In a hearing on motions for summary judgment last month, Alsup suggested Fish and Wildlife may have relied on biased information from the forest industry when the agency decided to withdraw a proposed rule to list the Pacific fisher as threatened.

A coalition of environmental groups sued Fish and Wildlife in October 2016, saying the service abruptly changed its mind about protecting the animal after it received “new information” from forest industry groups.

Pacific fishers are fierce members of the weasel family with thick, dark coats and long, bushy tails. Once found in the mixed conifer forests along the West Coast and the Cascade Mountains of Canada, the Pacific fisher’s numbers have sharply declined due to deforestation, logging, poisoning and fur trapping.

Only two small populations remain – one in the southern Sierra Nevada, the other in the Klamath-Siskiyou region of Northern California and Oregon. According to Fish and Wildlife estimates, the California/Oregon population ranges in size from 258 to 4,018, and the Sierra Nevada population numbers 100 to 500.

On Wednesday, Earthjustice attorney Elizabeth Forsyth said Fish and Wildlife failed to explain when it withdrew the rule why the increasing use of rat poison was no longer a threat to the Pacific fisher, despite concluding in a 2014 draft rule that it was.

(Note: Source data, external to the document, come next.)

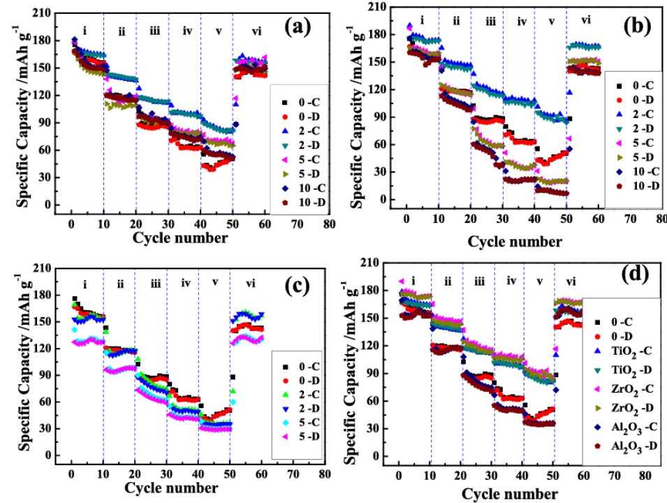 图 2.不同ALD循环(0、2、5、10和50)金属氧化物包覆LiCoO2电极的速率性能:(a) TiO2, (b) ZrO2和(c) Al2O3在不同电流密度下:(i) 100, (ii) 300, (iii) 500, (iv) 600, (v) 700和(vi) 100 mA g 1;(d)不同金属氧化物包覆的LiCoO2电极在 2 次ALD循环下的速率性能比较.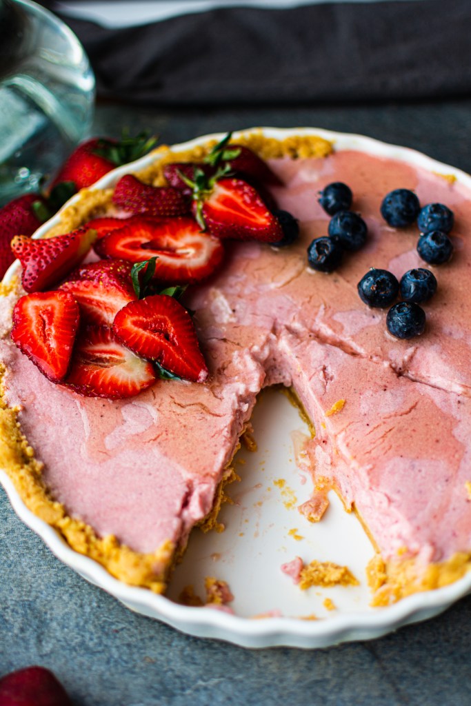 Pour the strawberry mix into the tart base and refrigerate for 2 hours. Enjoy with blueberries and strawberries
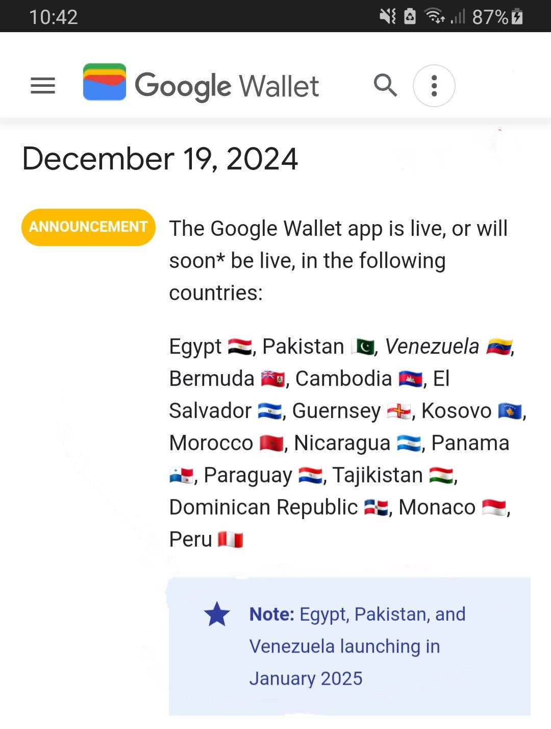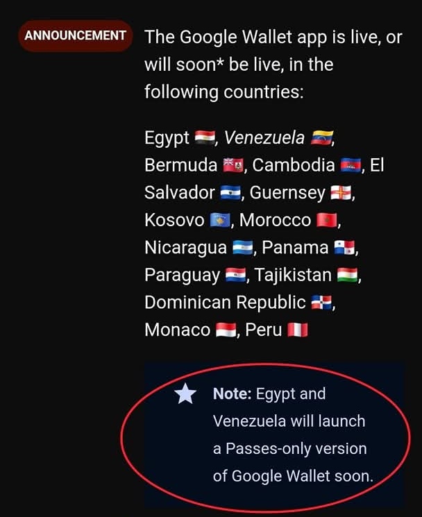 مؤخرًا، قامت شركة جوجل بإجراء تعديل على إعلانها بشأن توفر خدمة Google Wallet (محفظة جوجل) في مصر ودول أخرى. التغيير الجديد ركز على تحديد الدول المشمولة بالخدمة، وهما: مصر وفنزويلا، مع توضيح أن الخدمة في هذه الدول ستكون محدودة لتقديم إصدار “Passes” فقط.

According to the environmentalists, a 2015 study by fisher biologist Mark Higley found nearly 19 percent of fishers died between 2007 and 2014 from eating rat poison, an increase of nine percent. Meanwhile, 85 percent of dead fishers - no matter what caused their deaths - had rat poison in their bodies. Exposure to rat poison makes fishers lethargic and causes internal bleeding, Forsyth said. This in turn increases their susceptibility to predators, accounting for 70 percent of fisher deaths.

"You have a proposed finding that this is a threat, and a final [finding] that it's no longer a threat," Forsyth told the judge. "They never explain why that's no longer concerning."

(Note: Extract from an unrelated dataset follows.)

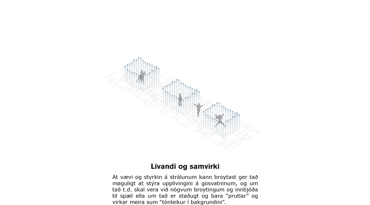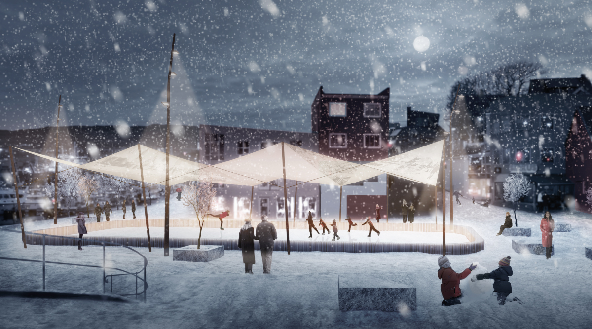 Torgið verður innrættað við 3 sløgum av broytiligum innbúgvi: hálvtak / telt, plintar og gosvatn. Hálvtaki verður fest á Corten-stál-mastrar, ið kunnu snarast upp og niður eftir tørvi. Støddin á hálvtakinum / teltinum kann varierast eftir tørvi.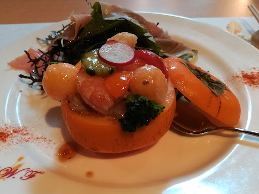 ビストロ ウッドファーム、ひっそりと佇むお店ですが、 地元では知る人ぞ知る、週末はいつも満席の人気店です。 今回はレディースランチを頂きました。 オードブル、メイン料理は2品から選択、スープ、デザート、ドリンクで2000円、+α円でメイン料理を特別メニューに変更できます。 とても良い料理内容でリーズナブルです。 この日のコース、 旬の食材の柿と海鮮のオードブルはビー玉大にくり抜いた柿玉にエビやホタテが海鮮香る自家製ソースにからめていて盛り付けも芸術品の様に美しく繊細でした。 追加料金の海鮮グラタンはホタテの貝柱が贅沢にゴロゴロと入っていて素晴らしい香りと共に必ず食べたいメニューです。 牛のザブトンステーキは柔らかく香り良い一品。 チキンのグリエは香ばしく食欲が進み、ハンバーグは小ぶりでもスパイスと挽き肉の香りと食感と共に肉汁が食欲をかきたてます。 コーンスープはサラッとスッキリとした食感ですが、コーンの風味が素晴らしい一品です。 デザートもしっかり美味しく、男性でも満足のレディ...

After 14 years of what the environmental groups call “illegal foot dragging” and legal challenges, Fish and Wildlife published a proposed rule in October 2014 to list the Pacific fisher as threatened. But the agency withdrew the rule four months before finalizing it, relying on new studies it says show the risk of rat poison, wildfires and population size no longer justify extra protections for the animal.

The new studies found low-to-medium-severity wildfires can benefit Pacific fishers by creating new foraging opportunities and snags used for dens and breeding.

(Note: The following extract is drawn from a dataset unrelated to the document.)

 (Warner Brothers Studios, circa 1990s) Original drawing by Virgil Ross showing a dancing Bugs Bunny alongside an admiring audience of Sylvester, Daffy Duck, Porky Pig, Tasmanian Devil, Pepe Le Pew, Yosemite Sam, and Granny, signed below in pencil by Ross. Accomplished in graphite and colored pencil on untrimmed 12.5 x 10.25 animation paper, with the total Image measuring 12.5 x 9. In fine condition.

Fish and Wildlife also concluded future wildfires will continue at a rate and severity similar to the recent past. But the environmental groups argue that flies in the face of clear evidence that climate change has sparked an uptick in the frequency and intensity of California wildfires.

Justice Department attorney Nicole Smith told Alsup that Fish and Wildlife incorporated the 2015 Higley study into its 2014 analysis, which changed the agency's conclusions.

Although the rate of exposure to poison in the Higley study grew by nine percent, mortality due to poisoning remained low, Smith explained, with an average mortality rate from poisoning of less than two fisher deaths per year.

Smith said Fish and Wildlife recognized the threat of an increased use of rat poisons in its 2016 decision, but nonetheless concluded "the extent to which they affect sensitive species has not been quantified."

Therefore, she said, "the best available information doesn't indicate that these impacts rise to the level of a threat."

Alsup appeared skeptical. "Counsel is pointing to you saying that this is a threat, then the information got worse, the information on poisoning got even worse," he said, referring to Higley. "Now you say it's not a problem anymore. Counsel is saying where did you explain that away?"

Smith replied the science underpinning the role of poisons in fisher deaths is "very uncertain."

But Forsyth said Ninth Circuit precedent set down in 2011's Greater Yellowstone Coalition v. Christopher Servheen states that Fish and Wildlife must explain why uncertainty justifies its conclusions.

"It's not enough for the Service to say it's not sure how this is going to play out when there is overwhelming evidence" that rat poisons are a threat to fisher survival, she said.

Alsup did not indicate when he will rule.